Bastidas was confused again, and said so.

“You see, my friend, as I said to you earlier, it is all about timing.” Adina was clearly pleased with this aspect of his plan. “We are within days of the first hurricane of the season in the Gulf of Mexico. As you have likely heard there is already a tropical gale forming off to our southeast. In the next week there are predictions of more intense storms and, hopefully, we will see the usual series of hurricanes veering into the Gulf. We don’t need anything reaching the power of Hugo or even the recent assault of Ike on those coastal towns. A normal Category One hurricane should be quite sufficient to cover our tracks and, if it does not, there will be little remaining of our efforts to give the Americans any way to credibly fix the blame. They will have suspicions and accusations, of course, but the damage will have been done. That is the main thing.”

Bastidas continued to study the first chart, as if there were something else he should understand. He finally sat back, lifted his cocktail, and said, “Surely these refineries have defenses in place for this sort of attack.”

“Surely,” Adina agreed pleasantly. “But we have three advantages in our little chess match. First, we are in the process of gathering inside information on those security mechanisms. Second, by taking out the communications center in Fort Oscar we have damaged the surveillance capabilities of the American military in the area. Not crippled them, I admit, but at least slowed them down. They still have naval reconnaissance and satellite capability, but we have helped our cause.” He paused to take a sip of his cocktail.

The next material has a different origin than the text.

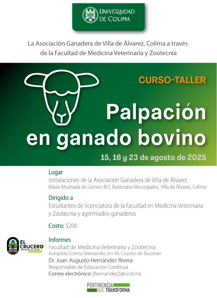 Con el objetivo de fortalecer las capacidades técnicas del sector ganadero y brindar formación práctica a sus estudiantes, la Asociación Ganadera local de Villa de Álvarez, en coordinación con la Facultad de Medicina Veterinaria y Zootecnia (FMVZ) de la Universidad de Colima, impartirán el Curso “Palpación en ganado bovino” los días 15, 16 y 23 de agosto.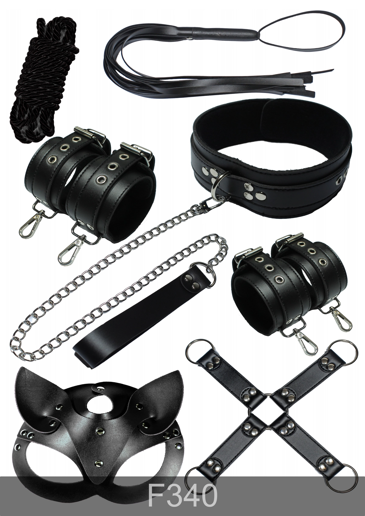 Exotikiss 7’li Fantazi Kelepçe ve Aksesuar Seti – Siyah BDSM Oyun Seti

“You said three,” Bastidas reminded him.

“Ah yes. With Fort Oscar down, we can deliver these charges by submarine. It will be far more difficult for them to detect our movements until it is too late to prevent the attack.”

“Submarine?”

Adina offered up another version of his thin-lipped smile. “A nice touch, don’t you think?”

CHAPTER FORTY-EIGHT

MARAND, IRAN

A
FTER THREE DAYS
in custody Rasa Jaber was beyond hope. Her husband had fled to the United States without her. Her captors refused to believe she had no knowledge of his defection or the reasons behind it. Her life had become a jumble of fear, disappointment, isolation, and betrayal.

She sat on the cement floor of a windowless cell, her arms clutched tightly around her knees as she hunched in the corner, struggling to make sense of all this. After the initial interrogation, which had lasted more than twenty-four uninterrupted hours, she was tossed into this hole and left here. Alone. Stripped naked, she felt the rough concrete against the tender skin of her bottom every time she moved, a reminder of the utter degradation she was suffering. They had not tortured her. They had not beaten her. They had simply deprived her of her dignity and of any human contact. Her food, such as it was, came through a slot in the large, thick metal door once a day, or what she guessed to be once a day. She had no idea how long she had been there. She existed in total darkness, without sanitation or running water. It was warm and dank and she was sickened by the foul odor of the tiny room.